The prospect of the fairytale princess moment, that balcony kiss, brought the crowds surging into The Mall.
The first was brief. Many blinked and missed it. The crowd chanted: "Kiss her again! Kiss her again!"
A few minutes later the newlyweds obliged, and the throng erupted.
They had waited patiently, some for days, to see what they could of the biggest royal wedding since the groom's parents, Charles and Diana, married in 1981.
As the real festivities got under way for the Royal Family and their friends and guests, the crowds in central London began to file away, exhausted.
Lindi Fairweather and Sandy Benkenstein hugged as William and Catherine left the balcony. Tears were running down their cheeks.
"We haven't stopped crying. It was just so beautiful," says Lindi, from Pretoria in South Africa.
"We've been here at this spot since 3.30am. We've had two days in London, and it's been a dream. We were so in love with [Princess] Diana. We decided to come because we'd never have a chance to see the heir to the throne married again."
And, like many, they almost missed what they had been waiting for. "We missed the first kiss! But it was a nice long one the second time."
The whole balcony scene was "not long enough," says Sandy, but they still believed every second was worth the wait.
"We wouldn't have missed this for the world. We are born and bred royalists, I'm afraid."

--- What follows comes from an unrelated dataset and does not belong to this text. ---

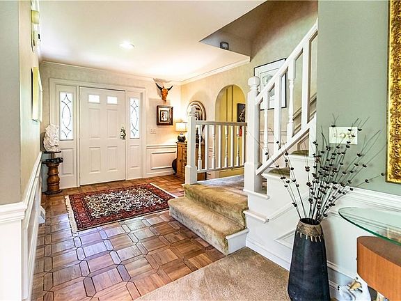 This elegant, custom designed home offers grand-sized rooms and spectacular views of private and peaceful 5+ acres, with many upgrades throughout. First floor boasts a gourmet chef's kitchen that opens to the dining room, spacious family room with cathedral ceiling, fireplace & panoramic views, cozy den. Living room opens to a large deck, patio & firepit for outdoor entertaining. Finished lower lever. This and so much more in perfect location close to everything!
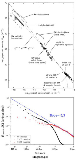 Upper panel: “Extended Big Power Law” of galactic electron density fluctuations obtained combining the scattering measurements in [1] and H measurements from WHAM in [2]. Lower panel: Power law of velocity fluctuations in the direction of the Taurus molecular cloud. From [66].

Earlier, as the marriage ceremony was approaching, it had already been a long day for the wedding party and public alike.
As the crowds grew there was near gridlock in some parts. Well-wishers clutched cardboard periscopes to catch a glimpse of a frock, the edge of a hat rim. Cameras, iPads and phones were held aloft and used to view the proceedings retrospectively.
As the wedding party began leaving Buckingham Palace for the abbey, waves of sound would travel up The Mall, building into cheers and claps, and shouts like, "it's the Queen, in yellow!"
Watches were checked, and checked again, as the time approached for the bride to pass by. "She's there, this is it, I can see a full veil and lace," exclaimed a man to his wife, from their position on a ladder.
The ladder had been a last-minute plan - they had dashed home to their flat in Victoria to get it once they realised they had no hope of seeing anything from the back of the crowd on The Mall.
An old naval colleague of Prince Charles, who had been an usher at his wedding to Diana, he didn't want to be named. What happened to their invite for this wedding? "Us? We're the wrong generation now."
As the wedding ceremony was played out through speakers, the sun finally burned through the damp and bone-chilling clouds. People laid out picnics and listened.
St James's Park, lined with food outlets and "Royal Wedding Gin & Tonic" stands, was like the scene of a mildly boozy music festival.
At each important moment - the "I wills", the man and wife pronouncement - there was a cheer.
It was a people-watcher's paradise. Outfit after outfit passed down The Mall as the crowds milled around. There were people in wedding gowns, cocktail wear, fascinators, tiaras, crowns and every type of union jack regalia imaginable.
Ten-week old Eurasier puppy Rogue donned a union jack neckerchief for the occasion.
Breeders Olwen and Stacey Watkins had brought Olwen's three daughters to give them an experience they wouldn't forget. Fellow spectators flocked around the dog, who had posed happily for photos all day.
"She's been really good. All the policeman have been asking to hold her. The atmosphere has been really nice. I've never been to anything like this before," says Olwen.
The ceremony over, the crowd thickened further on The Mall as thousands strained to get a glimpse of the returning couple, now the Duke and Duchess of Cambridge.
Allison and Shawn Benton, from Kansas, were excited they had managed to capture some video of Catherine's return.
"This is our first time in London. We got lucky," she says.
Before long the surge towards The Mall began. Tempers frayed, just a little, as everyone jostled for position.
The balcony moment came, then the "ooh" and "aah" of the flypast, and it was over.
As some people shuffled away, one group of women - from Australia, New Zealand, Switzerland and Greece - were determined, it seems, to keep their fairytale princess dreams alive.
All donning t-shirts that read "we're not worried… Harry's still available," they got ready to leave, after a night camping out. And as they did so, one added: "Harry seems like the fun one anyway."